Ne pas avoir à faire face aux limites du langage est la meilleure défense que je puisse utiliser dans la logique de mon programme. Parfois, il est plus facile de dire quand les choses devraient stop.
Par exemple, vous avez ce type de boucle:
while(1)
{
// some codes here
if(keypress == escape_key || keypress == alt_f4_key
|| keypress == ctrl_w_key || keypress == ctrl_q_key) break;
// some codes here
}
Si vous souhaitez placer la condition sur l'en-tête de boucle, au lieu de lutter contre le langage pour ne pas avoir de construction ntil, copiez simplement la condition textuellement et mettez un point d'exclamation:
while(! (keypress == escape_key || keypress == alt_f4_key
|| keypress == ctrl_w_key || keypress == ctrl_q_key) )
{
// some codes here
}
Il n'y a pas de construction jusqu'à sur les langages dérivés de C, alors faites juste ce qui précède, sinon faites cela (possible en C/C++, utilisez #define ;-)
until(keypress == escape_key || keypress == alt_f4_key
|| keypress == ctrl_w_key || keypress == ctrl_q_key)
{
// some codes here
}
DELETE
: DELETE FROM sometable WHERE name IS LIKE 'foo%' LIMIT 1
. De cette façon, vous n'effacerez pas toute la table en cas d'erreur.À peine intelligent, mais une pratique décente, peut-être.

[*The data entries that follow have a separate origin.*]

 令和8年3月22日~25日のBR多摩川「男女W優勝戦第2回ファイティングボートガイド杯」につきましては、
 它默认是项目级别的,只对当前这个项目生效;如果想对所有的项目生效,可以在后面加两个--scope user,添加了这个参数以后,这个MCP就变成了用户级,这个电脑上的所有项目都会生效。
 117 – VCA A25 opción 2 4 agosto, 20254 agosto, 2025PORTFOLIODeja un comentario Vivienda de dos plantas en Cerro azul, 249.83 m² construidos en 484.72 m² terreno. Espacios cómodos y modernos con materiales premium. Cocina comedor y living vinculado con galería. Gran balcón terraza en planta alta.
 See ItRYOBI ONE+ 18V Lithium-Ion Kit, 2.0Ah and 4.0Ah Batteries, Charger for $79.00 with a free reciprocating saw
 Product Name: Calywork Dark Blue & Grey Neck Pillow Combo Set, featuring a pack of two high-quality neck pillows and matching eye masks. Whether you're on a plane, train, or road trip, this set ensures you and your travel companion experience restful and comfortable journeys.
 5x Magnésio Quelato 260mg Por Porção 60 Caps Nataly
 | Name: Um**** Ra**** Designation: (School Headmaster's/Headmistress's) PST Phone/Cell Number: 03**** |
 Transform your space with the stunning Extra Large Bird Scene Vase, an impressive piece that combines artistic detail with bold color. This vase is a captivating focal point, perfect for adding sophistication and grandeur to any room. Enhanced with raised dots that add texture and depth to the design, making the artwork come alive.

En C/C++:
Toujours revenir d'une fonction en bas, jamais au milieu. La seule exception à cela est une vérification de null sur les arguments requis; qui vient toujours en premier et revient immédiatement (sinon je serais juste en train d'écrire une grosse condition "si" en haut qui semble juste idiote).

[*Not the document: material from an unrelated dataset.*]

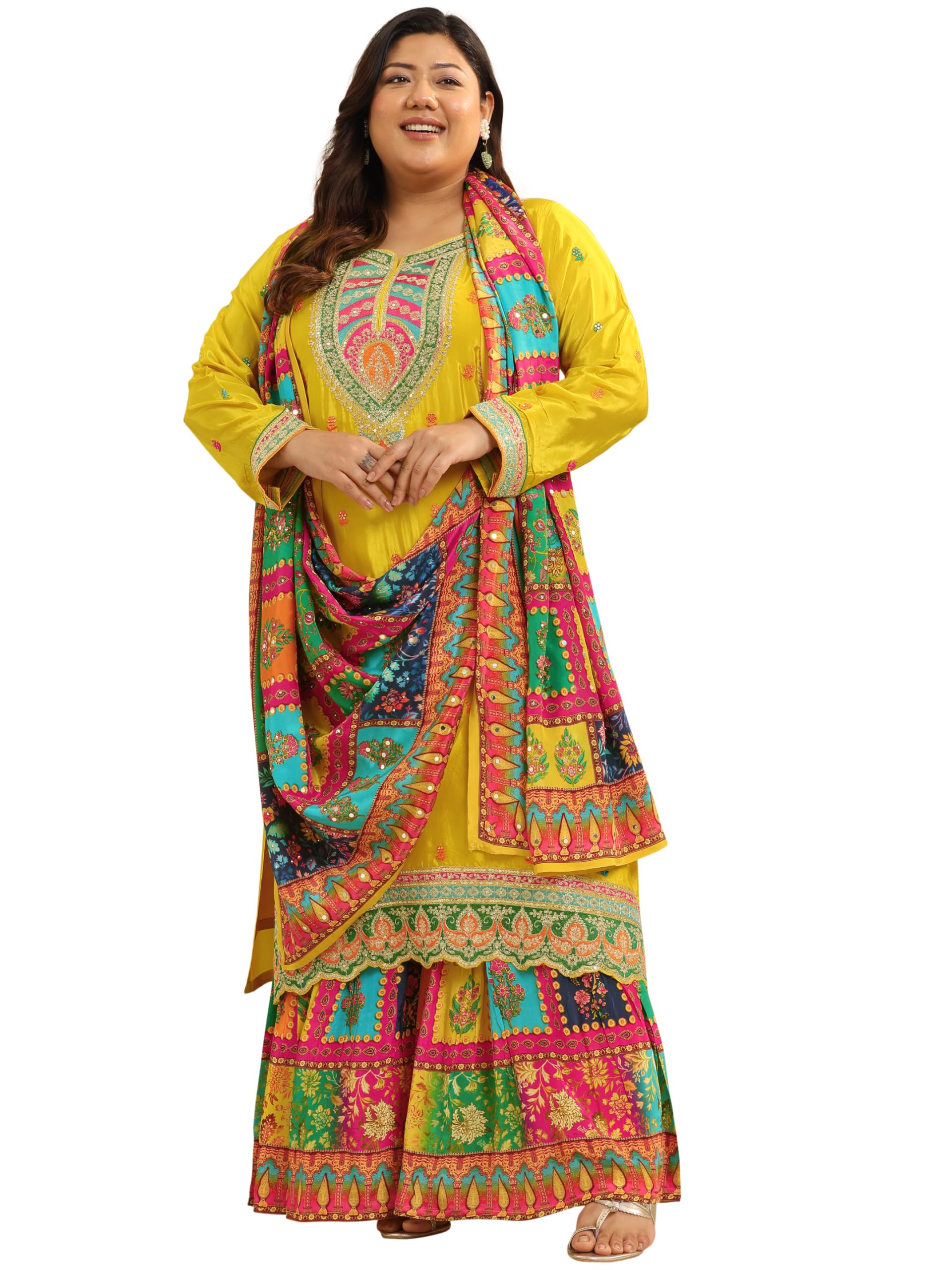 Woman Plus Size Mustard ethnic motif embroidered straight kurta with printed sharara with dupatta

int MyIntReturningFuction(char *importantPointer)
{
int intToReturn = FAILURE;
if (NULL == importantPointer)
{
return FAILURE;
}
// Do code that will set intToReturn to SUCCESS (or not).
return intToReturn;
}
J'ai vu beaucoup d'arguments pour expliquer pourquoi cela n'a pas vraiment d'importance, mais le meilleur argument pour moi est simplement l'expérience. Trop souvent, je me suis gratté la tête en demandant "Pourquoi diable mon point de rupture près du bas de cette fonction n'est-il pas atteint?" seulement pour constater que quelqu'un d'autre que moi avait mis un retour quelque part au-dessus (et changeant généralement une condition qui aurait dû être laissée seule).

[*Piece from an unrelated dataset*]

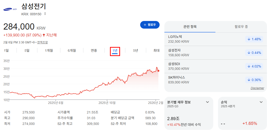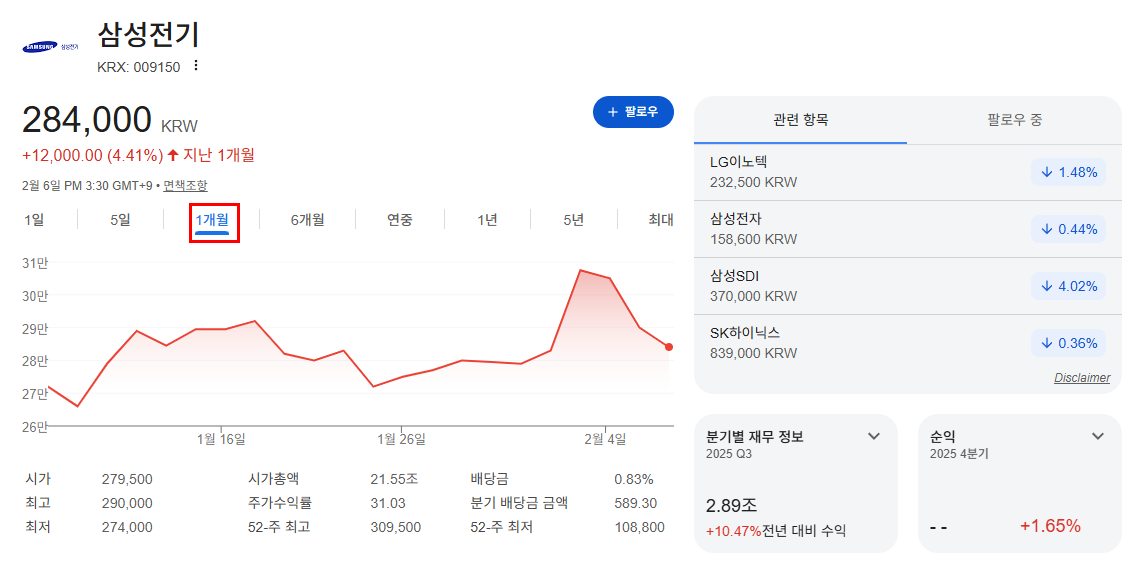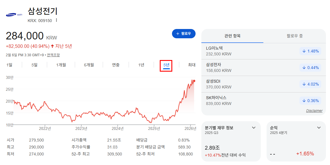 | 종목 | 삼성전기 |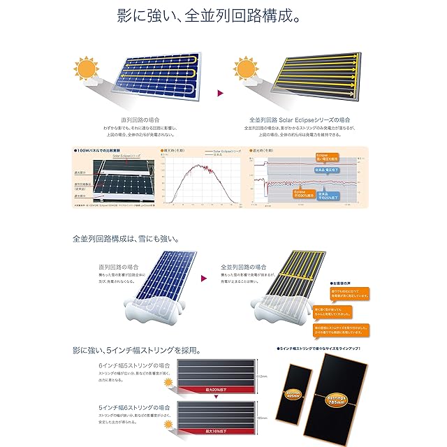 ★自社製、影に強い!! 【GWSOLAR 太陽光パネル135W / 全並列ソーラーパネル】【12V充電用 7.34A / 4並列】変換効率19% 12Vシステム充電用、革新的なセルの造り、高い発電効率を実現!国際認証TUV・JPEA登録。※日本語取扱説明書付き

J'ai également constaté que le fait d'avoir des règles très simples comme celle-ci fait de moi un codeur beaucoup plus cohérent. Je ne viole jamais cette règle en particulier, donc je dois parfois penser à d'autres façons de gérer les choses (comme nettoyer la mémoire, etc.). Jusqu'à présent, cela a toujours été pour le mieux.